The stationary horizon as the central multi-type invariant measure in the KPZ universality class

TL;DR

This paper studies the stationary horizon (SH), a key invariant measure in the KPZ universality class, providing new constructions, distribution formulas, and demonstrating its universality and role as the unique invariant distribution for the directed landscape.

Contribution

It offers an alternative construction of the SH, derives exact distribution formulas, and establishes its universality and uniqueness as the invariant measure in the KPZ class.

Findings

SH is the unique coupled invariant distribution for the directed landscape

SH describes the Busemann process for the DL

SH appears as the scaling limit of multi-species invariant measures in TASEP

Abstract

The Kardar-Parisi-Zhang (KPZ) universality class describes a large class of 2-dimensional models of random growth, which exhibit universal scaling exponents and limiting statistics. The last ten years has seen remarkable progress in this area, with the formal construction of two interrelated limiting objects, now termed the KPZ fixed point and the directed landscape (DL). This dissertation focuses on a third central object, termed the stationary horizon (SH). The SH was first introduced (and named) by Busani as the scaling limit of the Busemann process in exponential last-passage percolation. Shortly after, in the author's joint work with Sepp\"al\"ainen, it was independently constructed in the context of Brownian last-passage percolation. In this dissertation, we give an alternate construction of the SH, directly from the description of its finite-dimensional distributions and without reference to Busemann functions.
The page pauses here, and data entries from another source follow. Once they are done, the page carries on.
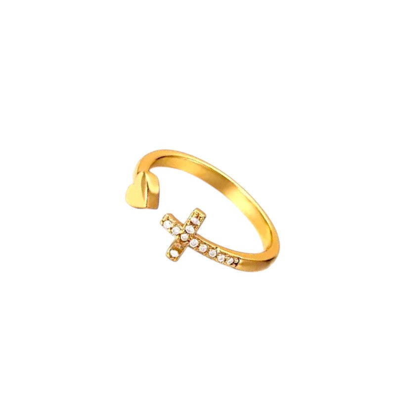 Anello in acciaio inossidabile placcato oro che unisce eleganza e simbolismo. Il design combina un delicato cuoricino con una fede classica, creando un pezzo versatile perfetto per chi ama gioielli dal significato profondo. La placcatura in oro conferisce un finish luminoso e raffinato, mentre l'acciaio inossidabile garantisce durabilità e resistenza nel tempo. Ideale da indossare singolo o abbinato ad altri anelli della collezione I'M MARTINA. Un accessorio che racconta una storia di amore e impegno, adatto a ogni occasione.
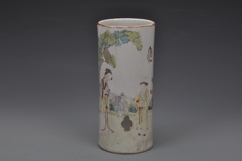 清光绪二十五年梅春茂浅绛绿彩仕女游园图帽筒
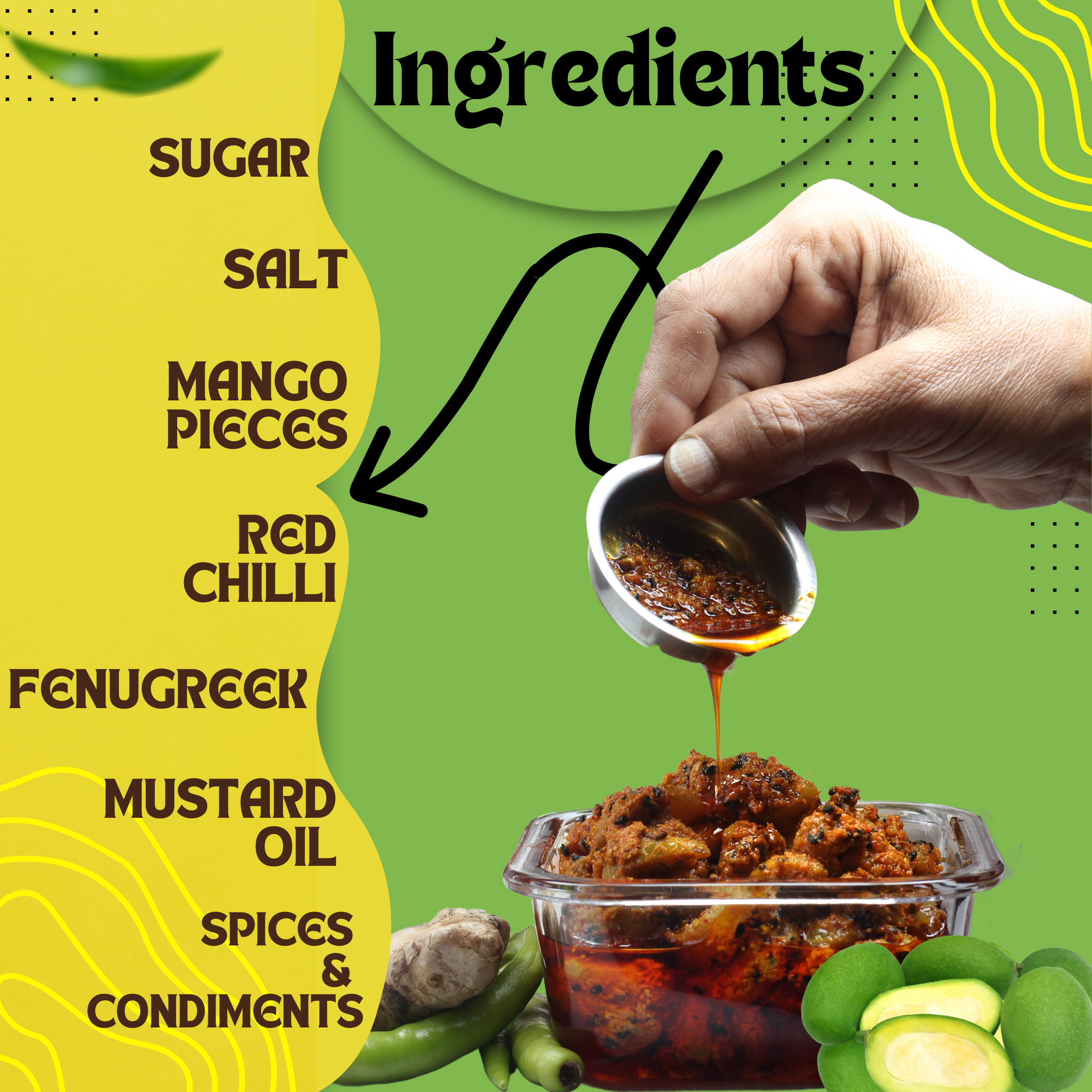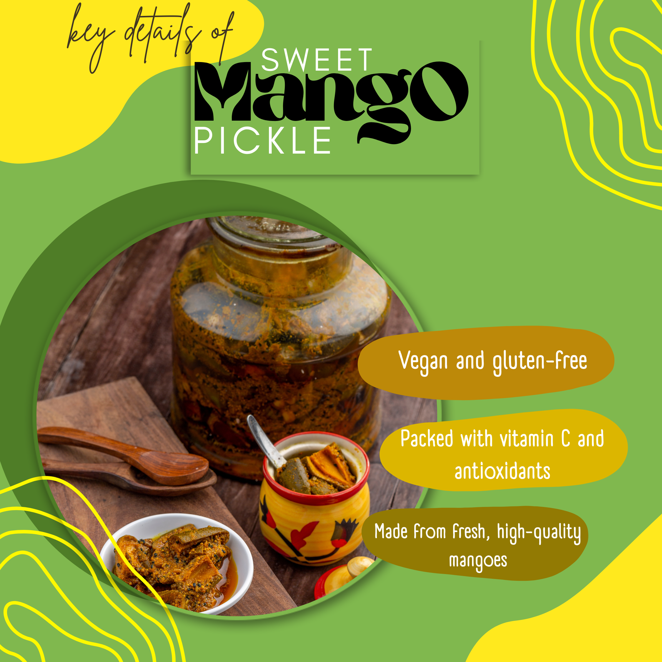 Packaged in a 500g jar, our pickle ensures you have an ample supply to enjoy. The sturdy packaging preserves its freshness and flavors, allowing you to savor it over time. Whether you're hosting a gathering or adding a touch of Rajasthani cuisine to your everyday meals, our Rajasthani Sweet Mango Pickle is the perfect accompaniment.
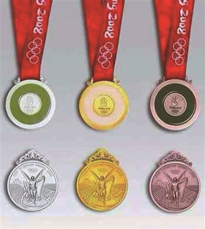 2008年北京奥运会奖牌 “有眼不识金镶玉”多用来比喻见识浅陋,缺乏识别事物的能力。然而,什么是“金镶玉”呢?它来源于一个历史故事。 春秋时期,楚国卞和得玉璞献给楚文王,琢之成璧,称为“和氏璧”。传说此璧冬暖夏凉,百步之内蚊不敢飞近,为稀世之宝。秦统一中国后,“和氏璧”几经转手,落入秦始皇之手。秦始皇令玉工将其雕琢为玉玺。该玉玺长、宽、高均为四寸,上面镌刻着李斯所书的“受命于天,既寿永昌”八个篆字。四周还雕饰着五龙图案,玲珑剔透,巧夺天工。秦始皇爱不释手,将它奉为神物。 汉灭秦后,“和氏璧”几经沧桑又到了刘邦手中,刘邦把“和氏璧”作为传国玉玺代代相传,一直传了12代皇帝。到了西汉末年,两岁的孺子婴即帝位,藏玉玺于长乐宫。王莽篡政后,派王寻、苏献胁迫孝元皇太后交出玉玺。太后见国破家亡,一怒之下将玉玺取出摔在地上,这个传世国宝当场被崩掉一角,后来又命能工巧匠进行整修,用黄金镶上缺角,于是得名“金镶玉玺”。“金镶玉”即由此而来。 稀世国宝“金镶玉”自三国后即不知去向了,但“有眼不识金镶玉”的谚语却流传至今。 “金镶玉”是北京奥运会的奖牌设计所采用的式样,喻示中国传统文化中的“金玉良缘”,体现了中国人对奥林匹克精神的礼赞和对运动员的褒奖。它的设计方案,创意十分新颖,突破了以往任何一届奥运会奖牌设计单一材质的传统,又融入了典型的中国文化元素。以“金镶玉”为创意的北京奥运会奖牌挂钩由中国传统玉双龙蒲纹璜演变而成。整个奖牌尊贵典雅,中国特色浓郁,既体现了对获胜者的礼赞,也形象诠释了中华民族自古以来以“玉”比“德”的价值观,是中华文明与奥林匹克精神在北京奥运会形象景观工程中的又一次“中西合璧”。
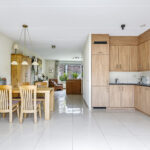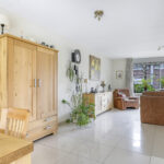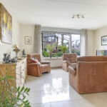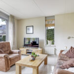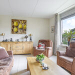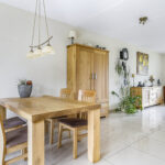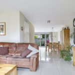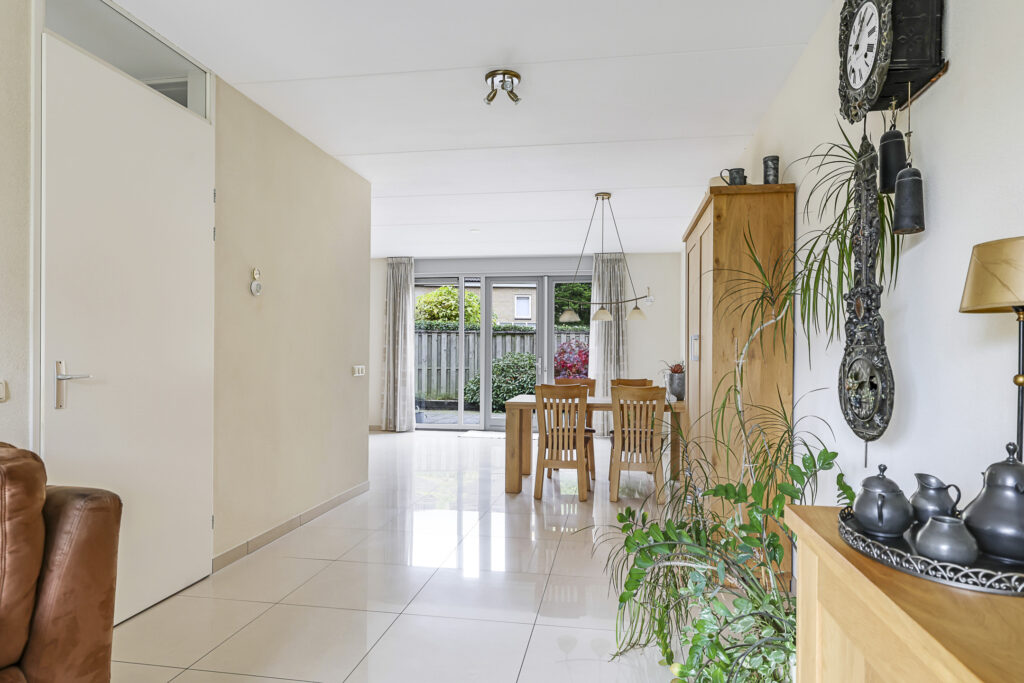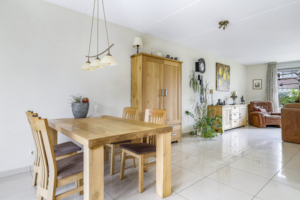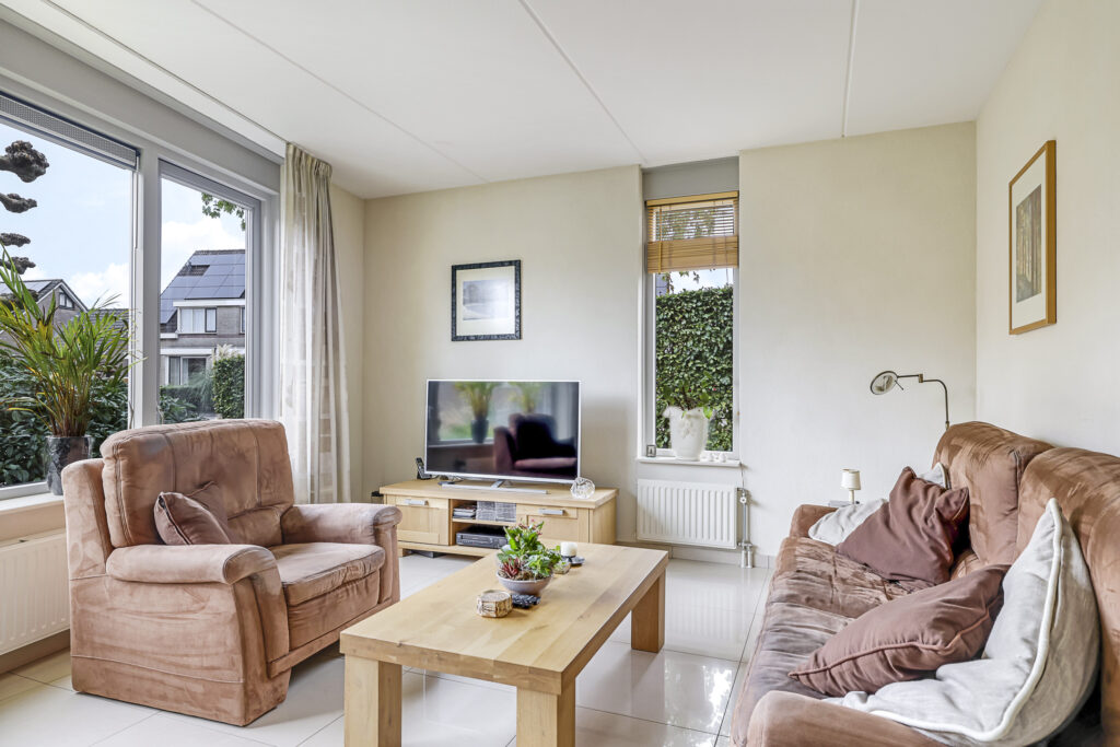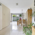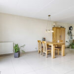 De woonkamer heeft iets gezelligs in zich. Wellicht komt dit door het speelse karakter van de voorgevel en de prettige lichtinval van onder meer het zijgevelraam. Daarbij heeft de woonkamer een aangenaam klimaat doordat de plavuizen vloer is voorzien van vloerverwarming. De zithoek is 4,2 meter diep en 5,1 meter breed waardoor je er prima een grote hoekbank kwijt kunt. Een lange muur nodigt je uit om een TV aan de wand te hangen.

From this description, we give several exact distributional formulas for the SH. Next, we show the significance of the SH as a key object in the KPZ universality class by showing that the SH is the unique coupled invariant distribution for the DL. A major consequence of this result is that the SH describes the Busemann process for the DL. From this connection, we give a detailed description of the collection of semi-infinite geodesics in the DL, from all initial points and in all directions. As a further evidence of the universality of the SH, we show that it appears as the scaling limit of the multi-species invariant measures for the totally asymmetric simple exclusion process (TASEP). This dissertation is adapted from two joint works with Sepp\"al\"ainen and two joint works with Busani and Sepp\"al\"ainen.